Material supplied:
• • • •
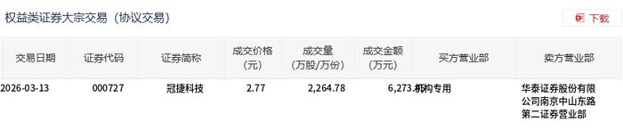 冠捷科技今日大宗交易溢价成交2264.78万股,成交额6273.45万元
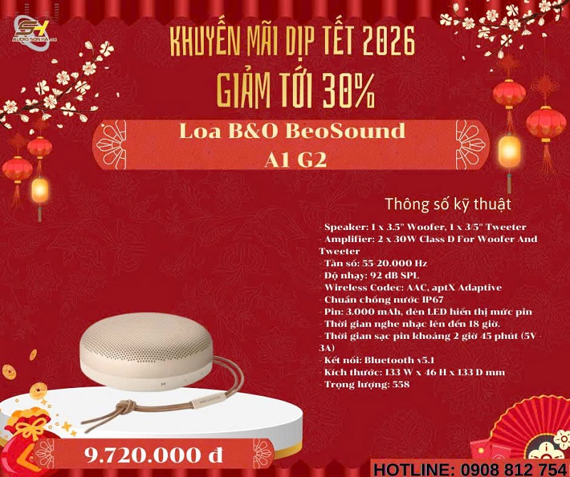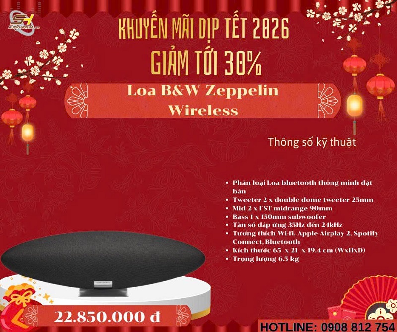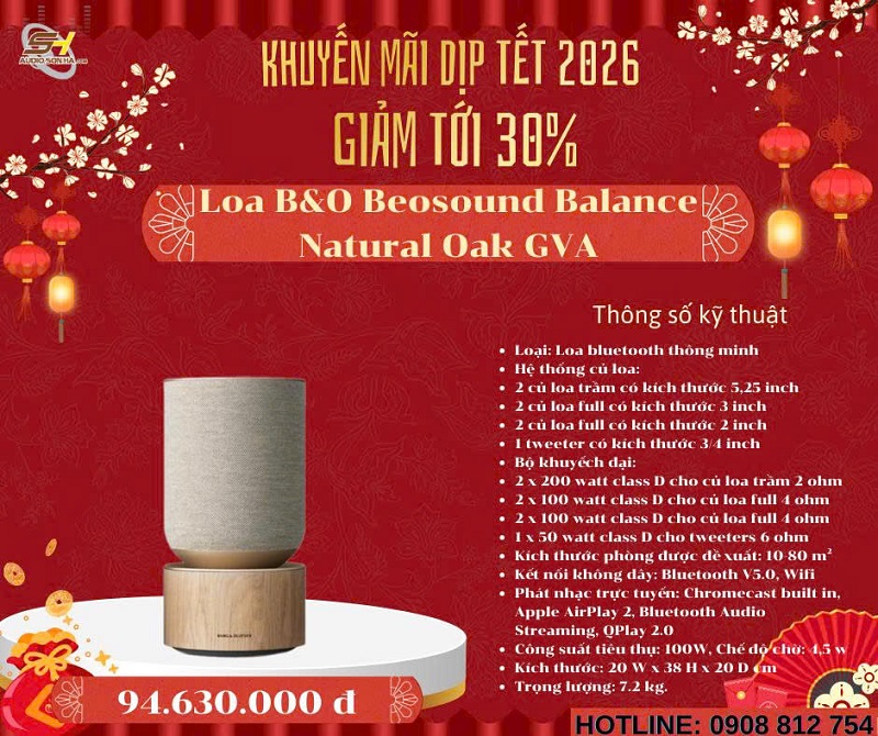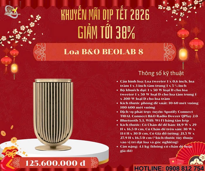 Chào mừng năm mới 2026! Để đón Tết Nguyên Đán Giáp Thìn thật rực rỡ và trọn vẹn âm nhạc, Audio Sơn Hà triển khai chương trình khuyến mãi đặc biệt giảm tới 30% cho các mẫu loa không dây cao cấp từ những thương hiệu danh tiếng thế giới: Bowers & Wilkins (B&W), Bang & Olufsen (B&O), KEF, Elac, Devialet, Yamaha và Transparent. Đây là cơ hội vàng để bạn sở hữu hệ thống âm thanh không dây đẳng cấp, chất âm đỉnh cao với giá ưu đãi chưa từng có - chỉ từ nay đến hết Tết!
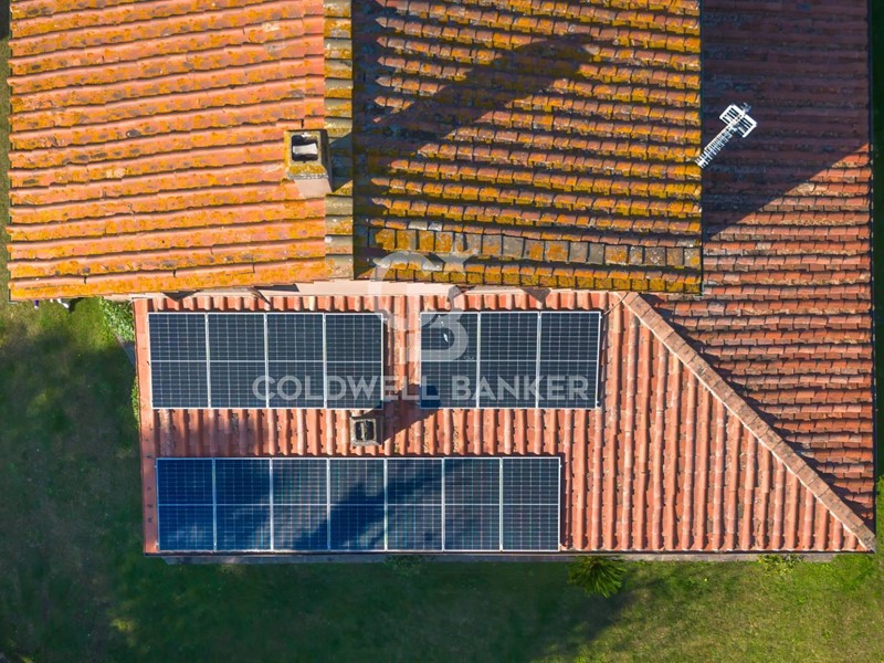 La villa è dotata di pannelli solari per la produzione di acqua calda e per il riscaldamento, un plus che unisce comfort abitativo e attenzione all'efficienza energetica.
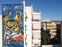 Μία πολύχρωμη σοφή κουκουβάγια, ένα υδάτινο τοπίο σε μπλε και πράσινο, ένα δεντρόσπιτο βγαλμένο από τα παραμύθια κι ένα πανέμορφο πτηνό μέσα σε ζωηρά χρώματα συνθέτουν τις τέσσερις νέες τοιχογραφίες που κοσμούν εδώ και λίγο καιρό ισάριθμα σχολεία της Αθήνας. Και οι τέσσερις εντυπωσιακές δημιουργίες έχουν ως κοινό τους θέμα το περιβάλλον.
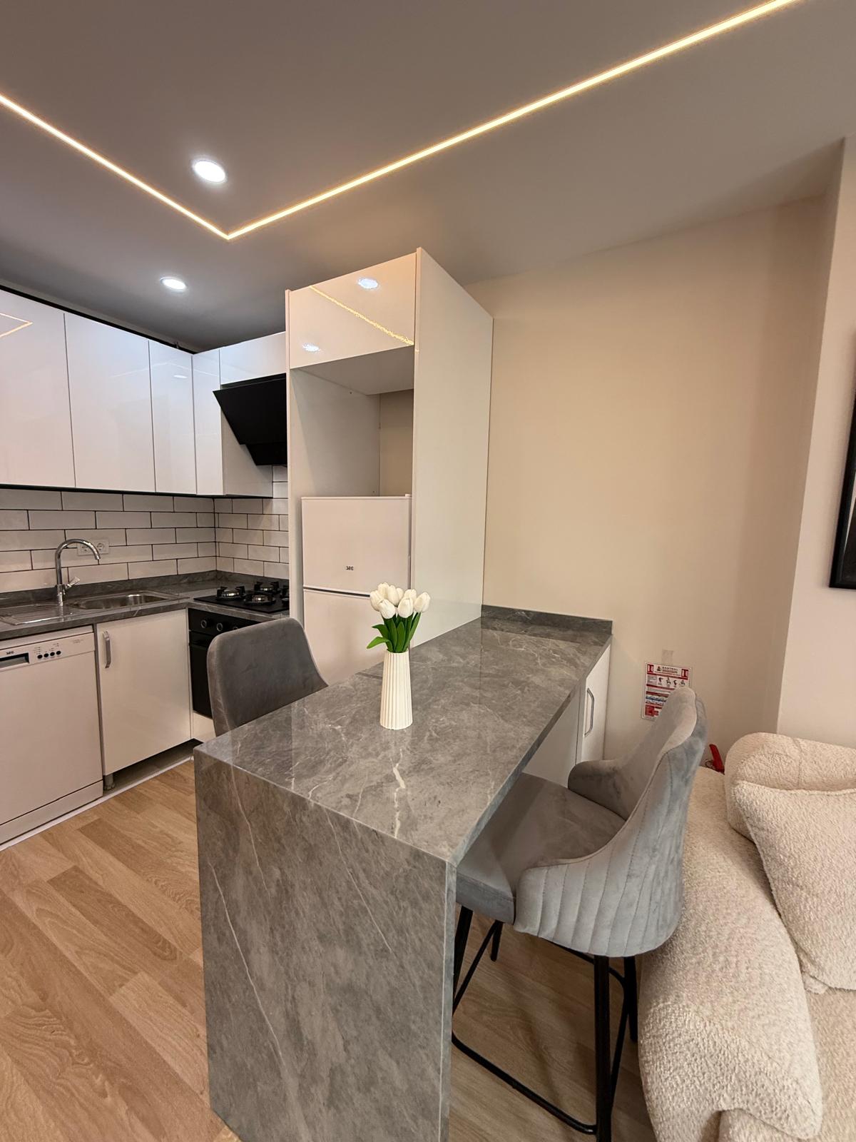 Ovaj elegantni smještaj je savršen za par za dobar prostor i elegantan dušek Sa kompletnom kuhinjom opremljenom za kraći i duži boravak u modernom porodičnom stambenom kompleksu, postoji bazen pokriven ispod zgrade tokom cijele godine, sportski klub, tursko kupatilo i sto za stoni tenis, a parking garaža za zgradu je bezbjedna i čuva se non-stop u blizini stanice metroa bos ispod zgrade nalazi se supermarket Nakon šetnje stepenicama od pijaca i restorana, mirno područje za ljubitelje mira i udobnosti
• • • •
Activity: Above are records to transcribe exactly; leave their pictures out.

Output for this exercise:
 冠捷科技今日大宗交易溢价成交2264.78万股,成交额6273.45万元
 Chào mừng năm mới 2026! Để đón Tết Nguyên Đán Giáp Thìn thật rực rỡ và trọn vẹn âm nhạc, Audio Sơn Hà triển khai chương trình khuyến mãi đặc biệt giảm tới 30% cho các mẫu loa không dây cao cấp từ những thương hiệu danh tiếng thế giới: Bowers & Wilkins (B&W), Bang & Olufsen (B&O), KEF, Elac, Devialet, Yamaha và Transparent. Đây là cơ hội vàng để bạn sở hữu hệ thống âm thanh không dây đẳng cấp, chất âm đỉnh cao với giá ưu đãi chưa từng có - chỉ từ nay đến hết Tết!
 La villa è dotata di pannelli solari per la produzione di acqua calda e per il riscaldamento, un plus che unisce comfort abitativo e attenzione all'efficienza energetica.
 Μία πολύχρωμη σοφή κουκουβάγια, ένα υδάτινο τοπίο σε μπλε και πράσινο, ένα δεντρόσπιτο βγαλμένο από τα παραμύθια κι ένα πανέμορφο πτηνό μέσα σε ζωηρά χρώματα συνθέτουν τις τέσσερις νέες τοιχογραφίες που κοσμούν εδώ και λίγο καιρό ισάριθμα σχολεία της Αθήνας. Και οι τέσσερις εντυπωσιακές δημιουργίες έχουν ως κοινό τους θέμα το περιβάλλον.
 Ovaj elegantni smještaj je savršen za par za dobar prostor i elegantan dušek Sa kompletnom kuhinjom opremljenom za kraći i duži boravak u modernom porodičnom stambenom kompleksu, postoji bazen pokriven ispod zgrade tokom cijele godine, sportski klub, tursko kupatilo i sto za stoni tenis, a parking garaža za zgradu je bezbjedna i čuva se non-stop u blizini stanice metroa bos ispod zgrade nalazi se supermarket Nakon šetnje stepenicama od pijaca i restorana, mirno područje za ljubitelje mira i udobnosti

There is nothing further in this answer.